Kepler was also a genius in calculating and dealt with logarithms. He recalculated the logarithms which Neper had invented and he included particularly the simplified mode of calculation for astronomical arithmetic problems. In 1624 Kepler published all this in his work “Chilias Logarithmorum”, which contained for example the 1000 logarithms from 100 to 100.000 each with 100 proceeding.
In 1626 Kepler was forced to leave Linz because of the Thirty Years’ War. The farmers revolted against the occupation by the Bavarians and the procedures of the counter-reformation. Linz was occupied and because of the acts of violence Kepler and his family left the city at the first chance.
Kepler went to Ulm to complete the print of his “Tabulae Rudolfinae”. After having taken the finished work to the Frankfurtian Autumn Fair in September 1627, he handed it over to the emperor in Prague the following year. The emperor made a splendid offer to Kepler, but we do not know what it was. Anyway, Kepler should become a Catholic.

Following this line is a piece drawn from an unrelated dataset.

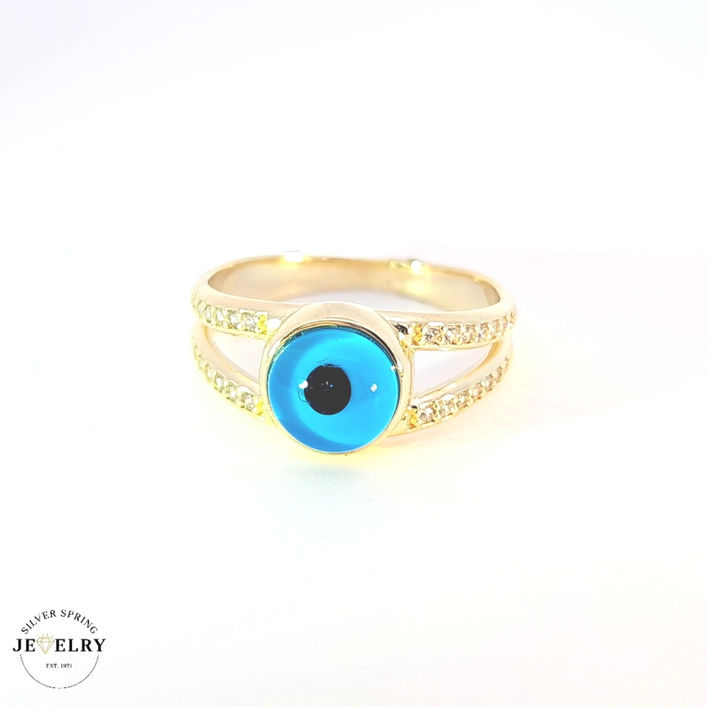 Get protected with this striking Blue Evil Eye Ring, a symbol for warding off negativity. Made from high-quality 14kt gold, the ring weighs a comfortable 3.5 grams and comes in a universal size 7. It's elegantly enhanced with sparkling zirconia, adding a touch of luxury. This trendy accessory combines a traditional belief with a modern look. It’s not just a piece of jewelry; it's your personal guardian. Order yours now and step into a world of style and protection.

However, Kepler could not accept that and so he refused the emperor’s offer.
The finishing of the “Tabulae Rudolfinae” was the reason why Albrecht Wallenstein, the Duke of Freidland and Sagan and the commander-in-chief of the imperial troops, offered Kepler a new job. Without doubt Wallenstein hoped that Kepler would support him in further astrological questions, because in 1608 Kepler had already interpreted the horoscope of nativity of a Bohemian man called Waltstein. (To keep the promised discretion Kepler had written that name in a cryptograph which he rarely used.) For Wallenstein’s horoscope Kepler should overwork his rectification based on the tables and his ephemerises. Furthermore the imperial party thought to improve the predefinition of the outgoing of the war by predictions from Kepler’s calculations of the orbits of the planets.

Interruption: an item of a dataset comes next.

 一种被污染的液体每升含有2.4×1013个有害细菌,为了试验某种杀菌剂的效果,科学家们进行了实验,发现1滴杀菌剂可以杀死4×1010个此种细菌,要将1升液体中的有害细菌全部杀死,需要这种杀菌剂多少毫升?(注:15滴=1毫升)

In the small town Sagan Kepler was cut off from intellectual life, but he began to print his „Somnium sive Astronomia Lunaris“, which could nearly be called a science-fiction novel because it describes the observation of astronomical phenomena by inhabitants of the Moon. With the “Somnium” Kepler wanted to popularize the Copernican theory, but it was published after Kepler’s death by his son Ludwig in 1634. This work can be seen as a forerunner of science-fiction novels like Voltaire’s “Micromégas“ or Jules Verne’s “De la terre à la lune”.
Finally Kepler finished the “Ephemerides” in exhausting work which lasted for months. This represented the end of Kepler’s scientific activity.
“Mensus eram coelos, nunc terrae metior umbras.
I measured the sky, now I measure the shadow of the earth. The mind was celestial, the body’s shadow here is at rest.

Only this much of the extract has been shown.